:: WHAT IS NEEDED ::
Please give back every entry in full, word for word, but none of the pictures.

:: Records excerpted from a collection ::
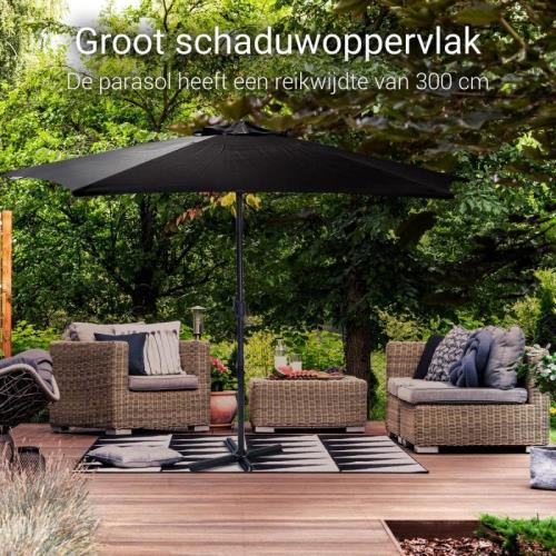 Met deze parasol kun jij een heerlijk schaduwplekje in de tuin creëren. Deze zwarte parasol geeft jouw tuin niet alleen een luxe uitstraling, maar beschermt je ook tegen de felle zonnestralen. Dit exemplaar heeft een 160 grams polyester doek en een sterk aluminium frame met een dikte van 38 millimeter. De stok heeft een poedercoating en is voorzien van een handige draaihendel, waardoor je de parasol eenvoudig op de juiste hoogte kunt instellen. Bovendien heeft deze parasol een diameter van 270 centimeter en een maximale hoogte van wel 245 centimeter.
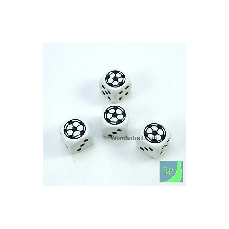 Wondertrail WKP13184E4 Soccer Dice D6 White Opaque with Black Pips 18mm (23/32in) Set of 4 Dice Koplow Games
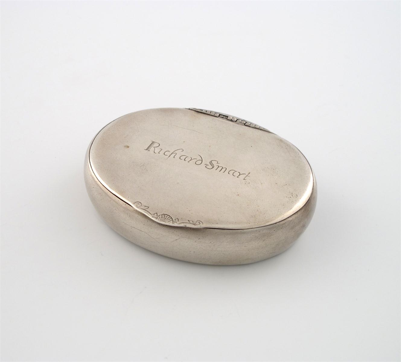 oval form, the hinge with engraved decoration, the cover engraved 'Richard Smart', length 9.8cm, approx. weight 4oz.
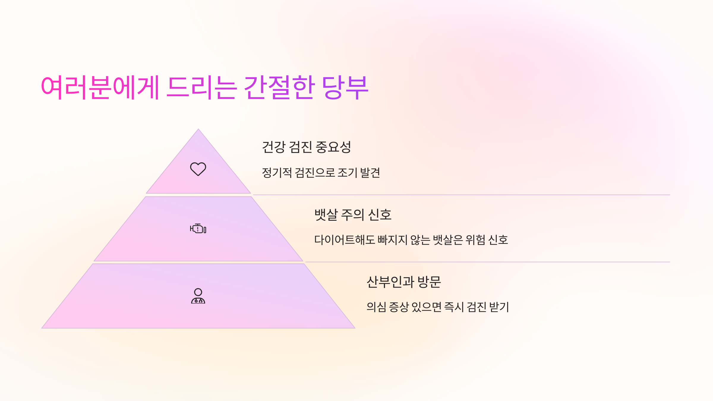 - 신체 변화에 주의를 기울이세요: 갑작스러운 복부 팽만, 식욕 감소, 지속적인 소화불량, 빈뇨 등의 증상이 지속된다면 반드시 의사와 상담하세요.
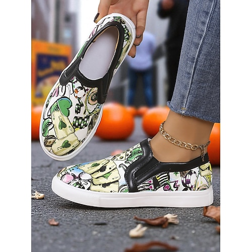 scarpe da ginnastica slip-on da donna per Halloween - scarpe da skate in tela con stampa di carte da gioco e graffiti colorati per outfit autunnali casual e street style spettrale
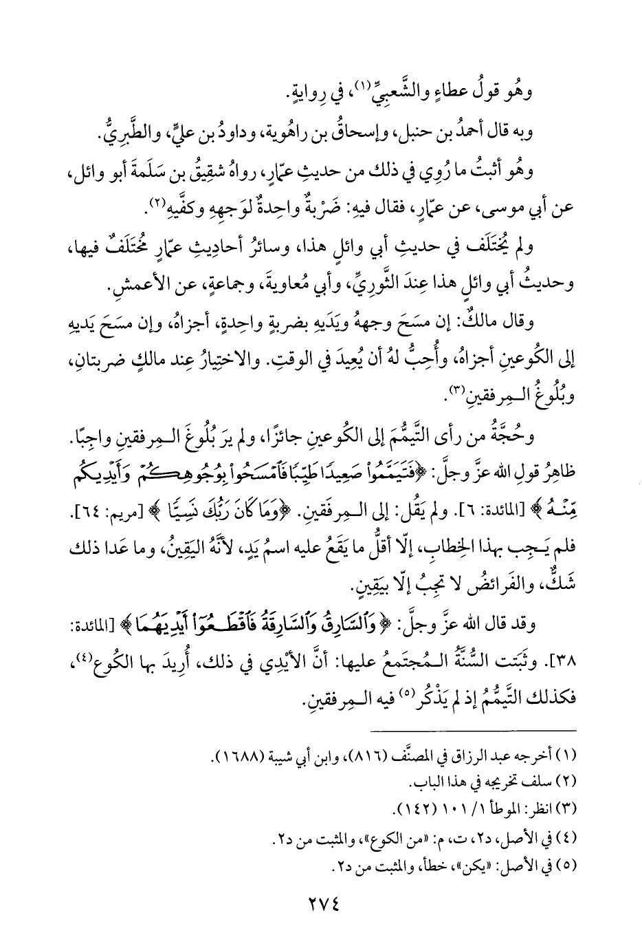 وحُجَّةُ من رأى التَّيمُّمَ إلى الكُوعينِ جائزًا، ولم يرَ بُلُوغَ المِرفقينِ واجِبًا. ظاهِرُ قولِ الله عزَّ وجلَّ: {فَتَيَمَّمُوا صَعِيدًا طَيِّبًا فَامْسَحُوا بِوُجُوهِكُمْ وَأَيْدِيكُمْ مِنْهُ} [المائدة: ٦]. ولم يَقُل: إلى المِرفَقينِ. {وَمَا كَانَ رَبُّكَ نَسِيًّا} [مريم: ٦٤]. فلم يجِب بهذا الخِطابِ، إلّا أقلُّ ما يَقَعُ عليه اسمُ يَدٍ، لأنَّهُ اليَقِينُ، وما عَدا ذلك شَكٌّ، والفَرائضُ لا تجِبُ إلّا بيَقِينٍ.

:: RESULT OF THIS EXERCISE ::
 Met deze parasol kun jij een heerlijk schaduwplekje in de tuin creëren. Deze zwarte parasol geeft jouw tuin niet alleen een luxe uitstraling, maar beschermt je ook tegen de felle zonnestralen. Dit exemplaar heeft een 160 grams polyester doek en een sterk aluminium frame met een dikte van 38 millimeter. De stok heeft een poedercoating en is voorzien van een handige draaihendel, waardoor je de parasol eenvoudig op de juiste hoogte kunt instellen. Bovendien heeft deze parasol een diameter van 270 centimeter en een maximale hoogte van wel 245 centimeter.
 Wondertrail WKP13184E4 Soccer Dice D6 White Opaque with Black Pips 18mm (23/32in) Set of 4 Dice Koplow Games
 oval form, the hinge with engraved decoration, the cover engraved 'Richard Smart', length 9.8cm, approx. weight 4oz.
 - 신체 변화에 주의를 기울이세요: 갑작스러운 복부 팽만, 식욕 감소, 지속적인 소화불량, 빈뇨 등의 증상이 지속된다면 반드시 의사와 상담하세요.
 scarpe da ginnastica slip-on da donna per Halloween - scarpe da skate in tela con stampa di carte da gioco e graffiti colorati per outfit autunnali casual e street style spettrale
 وحُجَّةُ من رأى التَّيمُّمَ إلى الكُوعينِ جائزًا، ولم يرَ بُلُوغَ المِرفقينِ واجِبًا. ظاهِرُ قولِ الله عزَّ وجلَّ: {فَتَيَمَّمُوا صَعِيدًا طَيِّبًا فَامْسَحُوا بِوُجُوهِكُمْ وَأَيْدِيكُمْ مِنْهُ} [المائدة: ٦]. ولم يَقُل: إلى المِرفَقينِ. {وَمَا كَانَ رَبُّكَ نَسِيًّا} [مريم: ٦٤]. فلم يجِب بهذا الخِطابِ، إلّا أقلُّ ما يَقَعُ عليه اسمُ يَدٍ، لأنَّهُ اليَقِينُ، وما عَدا ذلك شَكٌّ، والفَرائضُ لا تجِبُ إلّا بيَقِينٍ.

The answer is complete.